Heavier varieties like grape, wisteria, trumpet, and Dutchman’s pipe require a sturdy structure, such as a pergola or iron arbor, which can withstand their weight.

A vertical picture of a Dutchman's pipe vine with its unusual flower in the shape of a pipe, contrasting with the green foliage in soft focus in the background.
Dutchman’s pipe flower (Aristolochia ringens Vahl.)

Most flowering vines, however, are quite suitable for smaller structures such as trellises, fences, and posts.

Keep in mind, however, that each vine’s climbing abilities is crucial to not only the type of support structure you provide but also for proper training. Twining or tendril climbers will enjoy wrapping around a trellis, lattice, chain-link fence, or a mesh-covered pole.
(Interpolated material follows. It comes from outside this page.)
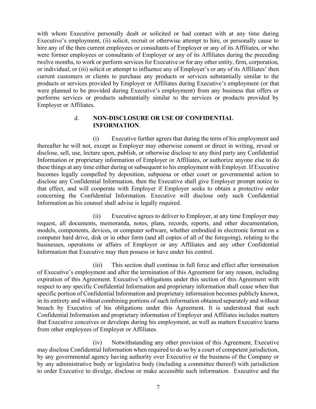 7 with whom Executive personally dealt or solicited or had contact with at any time during Executive’s employment, (ii) solicit, recruit or otherwise attempt to hire, or personally cause to hire any of the then current employees or consultants of Employer or any of its Affiliates, or who were former employees or consultants of Employer or any of its Affiliates during the preceding twelve months, to work or perform services for Executive or for any other entity, firm, corporation, or individual; or (iii) solicit or attempt to influence any of Employer’s or any of its Affiliates’ then current customers or clients to purchase any products or services substantially similar to the products or services provided by Employer or Affiliates during Executive’s employment (or that were planned to be provided during Executive’s employment) from any business that offers or performs services or products substantially similar to the services or products provided by Employer or Affiliates. d. NON-DISCLOSURE OR USE OF CONFIDENTIAL INFORMATION. (i) Executive further agrees that during the term of his employment and thereafter he will not, except as Employer may otherwise consent or direct in writing, reveal or disclose, sell, use, lecture upon, publish, or otherwise disclose to any third party any Confidential Information or proprietary information of Employer or Affiliates, or authorize anyone else to do these things at any time either during or subsequent to his employment with Employer. If Executive becomes legally compelled by deposition, subpoena or other court or governmental action to disclose any Confidential Information, then the Executive shall give Employer prompt notice to that effect, and will cooperate with Employer if Employer seeks to obtain a protective order concerning the Confidential Information. Executive will disclose only such Confidential Information as his counsel shall advise is legally required. (ii) Executive agrees to deliver to Employer, at any time Employer may request, all documents, memoranda, notes, plans, records, reports, and other documentation, models, components, devices, or computer software, whether embodied in electronic format on a computer hard drive, disk or in other form (and all copies of all of the foregoing), relating to the businesses, operations or affairs of Employer or any Affiliates and any other Confidential Information that Executive may then possess or have under his control. (iii) This section shall continue in full force and effect after termination of Executive’s employment and after the termination of this Agreement for any reason, including expiration of this Agreement. Executive’s obligations under this section of this Agreement with respect to any specific Confidential Information and proprietary information shall cease when that specific portion of Confidential Information and proprietary information becomes publicly known, in its entirety and without combining portions of such information obtained separately and without breach by Executive of his obligations under this Agreement. It is understood that such Confidential Information and proprietary information of Employer and Affiliates includes matters that Executive conceives or develops during his employment, as well as matters Executive learns from other employees of Employer or Affiliates. (iv) Notwithstanding any other provision of this Agreement, Executive may disclose Confidential Information when required to do so by a court of competent jurisdiction, by any governmental agency having authority over Executive or the business of the Company or by any administrative body or legislative body (including a committee thereof) with jurisdiction to order Executive to divulge, disclose or make accessible such information. Executive and the

Leaning varieties will need to be secured with twine or panty hose to a suitable structure such as a trellis or post. They can also be weaved into fencing, following the direction in which you want the plant to go.

Clinging types can be tied to a post, tree, or arbor. These can also adhere to walls, buildings, stone, or brick. Try to avoid growing them on the house or other outside structure, such as a shed.

A vertical picture of flowering wisteria on a trellis overhanging a stone pathway through a summer garden.

Aggressive varieties can cause damage to siding, shingles, and brick (if already unsound). Vines can also become destructive to trees, making them top heavy and resulting in the falling or breaking of trees.

Some of the more aggressive types, such as kudzu, can even strangle trees. This type is a common pest in the South where it engulfs everything within its reach, including old parked cars.

Flowering vines can be grown in hanging baskets, draping down or trained to grow up. This works especially well for smaller gardens and is a great way to take advantage of vertical space. They can also be grown in containers.

Place them in window boxes or set them on decks, patios, and balconies. No matter what size the garden space, there are a variety of ways to use flowering vines.

However, regardless of how you use them in your garden or landscape, these climbing plants should always be carefully researched in order to choose the proper growing habits for your particular area and needs.